Even after all these years, I get caught up in the energy of the new year. I have hope that each new person who comes into my class will find the practice they are looking for. And I take the time to evaluate my own life and where I can make changes. Life is a practice of constant refinement. We never reach the goal and in fact the goal changes and shifts with time. As one goal is accomplished, another appears. This is not a problem, it is the gift. The striving, the work, the journey… that is the real goal.

4 Comments

  1. Hi Mado, you were my first yoga teacher in Asheville, NC. My wife and I started attending your classes 2 years ago. I read this article and it reminds me so much of my own journey these past two years and my relationship with my practice. At first, I’ll be honest, it was the a New Year and I decidedto get my act together and go to a yoga class. It was amazing. But I rode that wave for a bit, went to a class here and there. My relationship was an on again off again thing. Well I took a brief break from it and didnt do any yoga for about 2 months. I got sick, I fell into a slight depression, felt stuck in my life. Then I just decided to get off my lazy a$# and go to a class. Naturally, I went all in and dove right back in, started feeling great…..then for some reason, stopped because I was in school again and couldn’t find the balance. My body suffered, my mind suffered and I suffered, thereby causing the one’s around me to suffer. So here I am 6 months into another run that I am feeling will be the change I was looking for. Anyway, my personal journey has been great. I have a wonderful relationship with my loving wife, I eat very well, I can honestly look ta myself in the mirror and see that I am a pretty healthy guy. I have changed my life into one based on the principles we learn each and every day on our mats. Yoga is changing my life. It helps me appreciate how beautiful each moment truely is and that by hightening our sensitivity and compassion our lives can be enriched more and more as can the lives of those around us. Have a healthy and happy new year! Namaste

  2. Lovely thoughts, Mado. I my own life, I’ve noticed that healing changes which last have been ones which were framed as a nurturing gift to myself, rather than a perfectionist-motivated critique of my flaws (“Yoga makes me feel wonderful!” versus “I need to get in shape and be more centered!”).

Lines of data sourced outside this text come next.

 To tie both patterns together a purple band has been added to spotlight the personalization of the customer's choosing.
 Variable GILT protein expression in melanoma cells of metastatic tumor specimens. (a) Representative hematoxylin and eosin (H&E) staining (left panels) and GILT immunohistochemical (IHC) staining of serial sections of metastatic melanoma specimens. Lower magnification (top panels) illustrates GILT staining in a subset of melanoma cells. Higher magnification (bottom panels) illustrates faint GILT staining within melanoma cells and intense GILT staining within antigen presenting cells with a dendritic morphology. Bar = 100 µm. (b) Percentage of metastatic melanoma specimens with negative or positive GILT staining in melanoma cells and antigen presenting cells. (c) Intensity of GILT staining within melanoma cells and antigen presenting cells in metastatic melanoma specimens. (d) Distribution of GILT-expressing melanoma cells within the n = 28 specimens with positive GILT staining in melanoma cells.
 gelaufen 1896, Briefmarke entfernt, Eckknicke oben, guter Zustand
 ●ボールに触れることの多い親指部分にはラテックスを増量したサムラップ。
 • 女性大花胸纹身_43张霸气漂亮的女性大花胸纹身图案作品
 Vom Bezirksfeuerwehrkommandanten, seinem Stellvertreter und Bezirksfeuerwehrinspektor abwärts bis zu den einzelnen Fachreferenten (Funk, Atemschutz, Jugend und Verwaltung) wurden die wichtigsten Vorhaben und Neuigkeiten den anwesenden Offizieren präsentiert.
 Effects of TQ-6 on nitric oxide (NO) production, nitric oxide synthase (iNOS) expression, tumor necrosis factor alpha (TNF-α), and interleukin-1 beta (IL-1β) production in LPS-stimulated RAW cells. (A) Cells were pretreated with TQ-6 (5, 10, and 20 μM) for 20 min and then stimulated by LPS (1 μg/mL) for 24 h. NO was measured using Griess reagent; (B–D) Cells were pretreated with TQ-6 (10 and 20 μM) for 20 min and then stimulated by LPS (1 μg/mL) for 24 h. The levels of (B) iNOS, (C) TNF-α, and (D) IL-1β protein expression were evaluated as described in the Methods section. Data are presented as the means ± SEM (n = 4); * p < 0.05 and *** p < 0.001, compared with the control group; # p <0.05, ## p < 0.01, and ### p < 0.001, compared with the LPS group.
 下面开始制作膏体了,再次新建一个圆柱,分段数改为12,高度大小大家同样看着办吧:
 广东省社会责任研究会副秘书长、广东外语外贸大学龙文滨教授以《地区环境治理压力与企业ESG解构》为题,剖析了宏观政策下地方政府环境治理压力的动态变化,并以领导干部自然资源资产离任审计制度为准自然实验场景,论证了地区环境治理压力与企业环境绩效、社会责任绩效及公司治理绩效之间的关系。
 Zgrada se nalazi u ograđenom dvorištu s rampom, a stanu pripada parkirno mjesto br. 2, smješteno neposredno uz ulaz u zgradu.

With my diet I discover nourishing meals to add and gently let go of foods which don’t serve me well, refraining from mentally “punishing” myself when I eat something unhealthy. It is a tricky balance, and you are so right that motivation and perspective make a big difference. And these changes that may be initially based on more self-centered desires can have far-reaching positive effects in various ways: “improving” ourselves to make the world a little better…

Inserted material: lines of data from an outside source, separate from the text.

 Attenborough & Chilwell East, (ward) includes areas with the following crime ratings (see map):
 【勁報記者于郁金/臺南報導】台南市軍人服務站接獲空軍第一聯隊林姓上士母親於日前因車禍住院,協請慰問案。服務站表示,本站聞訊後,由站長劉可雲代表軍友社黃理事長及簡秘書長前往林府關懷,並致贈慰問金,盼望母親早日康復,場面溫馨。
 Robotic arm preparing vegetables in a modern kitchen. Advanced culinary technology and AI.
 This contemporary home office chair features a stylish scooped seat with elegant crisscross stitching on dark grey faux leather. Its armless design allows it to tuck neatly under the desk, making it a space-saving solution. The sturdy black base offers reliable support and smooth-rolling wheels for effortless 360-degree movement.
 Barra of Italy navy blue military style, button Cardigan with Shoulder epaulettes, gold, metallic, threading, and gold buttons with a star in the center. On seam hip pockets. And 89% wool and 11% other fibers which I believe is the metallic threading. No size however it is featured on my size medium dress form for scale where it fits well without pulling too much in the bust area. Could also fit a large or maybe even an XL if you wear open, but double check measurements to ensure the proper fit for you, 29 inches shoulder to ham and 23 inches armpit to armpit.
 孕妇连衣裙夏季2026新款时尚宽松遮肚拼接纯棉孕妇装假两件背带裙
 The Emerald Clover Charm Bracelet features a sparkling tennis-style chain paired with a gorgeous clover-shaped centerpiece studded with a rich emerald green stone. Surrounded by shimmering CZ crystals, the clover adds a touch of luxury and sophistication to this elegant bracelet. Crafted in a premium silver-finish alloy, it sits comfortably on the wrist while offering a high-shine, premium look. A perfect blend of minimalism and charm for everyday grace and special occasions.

  3. Yes! The self loving discipline is one that I talk about often in my classes. Rather than viewing discipline as something austere that we must conform to, we can find little ways to make our lives better. Step by tiny step we find ourselves transformed without ever feeling like we are sacrificing.

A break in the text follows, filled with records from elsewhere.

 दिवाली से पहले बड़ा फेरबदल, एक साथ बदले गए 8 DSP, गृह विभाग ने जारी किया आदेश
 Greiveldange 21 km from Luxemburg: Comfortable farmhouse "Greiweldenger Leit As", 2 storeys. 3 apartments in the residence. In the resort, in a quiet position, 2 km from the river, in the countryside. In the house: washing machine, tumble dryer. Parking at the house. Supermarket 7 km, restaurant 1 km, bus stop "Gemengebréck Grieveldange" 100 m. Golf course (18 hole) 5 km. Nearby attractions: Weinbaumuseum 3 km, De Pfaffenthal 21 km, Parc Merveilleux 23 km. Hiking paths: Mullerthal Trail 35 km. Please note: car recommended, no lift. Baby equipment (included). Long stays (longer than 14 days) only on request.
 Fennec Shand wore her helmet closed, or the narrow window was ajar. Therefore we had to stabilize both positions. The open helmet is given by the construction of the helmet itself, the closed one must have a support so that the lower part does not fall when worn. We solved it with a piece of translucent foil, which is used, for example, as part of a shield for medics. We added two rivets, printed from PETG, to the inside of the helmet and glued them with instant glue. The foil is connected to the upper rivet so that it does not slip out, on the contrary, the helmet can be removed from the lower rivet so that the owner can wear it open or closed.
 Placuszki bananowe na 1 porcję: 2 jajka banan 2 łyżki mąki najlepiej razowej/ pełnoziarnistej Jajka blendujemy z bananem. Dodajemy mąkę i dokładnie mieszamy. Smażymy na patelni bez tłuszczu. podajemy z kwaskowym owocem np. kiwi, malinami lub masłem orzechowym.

  4. Many people find that their practice has an ebb and flow. I’m sure that if I didn’t have the motivation of teaching, my own would fluctuate more than it does. Self-acceptance is a great place to start initiating change. If we beat ourselves up about not being consistent…we are actually less likely to find consistency because it becomes more of an obligation, a “should” than a “get to”. Life ebbs and flows. I’m not sure that a consistent practice is what is best for everyone. Sometimes people practice yoga for years and then stop entirely for a while, only to fall back in love later in life. There is no one size fits all practice… nor a one size fits all life. I’m glad you feel like you are in a great place… perspective is key. Those who find a way to see wherever they are at in life as a great place, to see the beauty in each moment as you say, are in my opinion the most likely to be happy. May you be happy.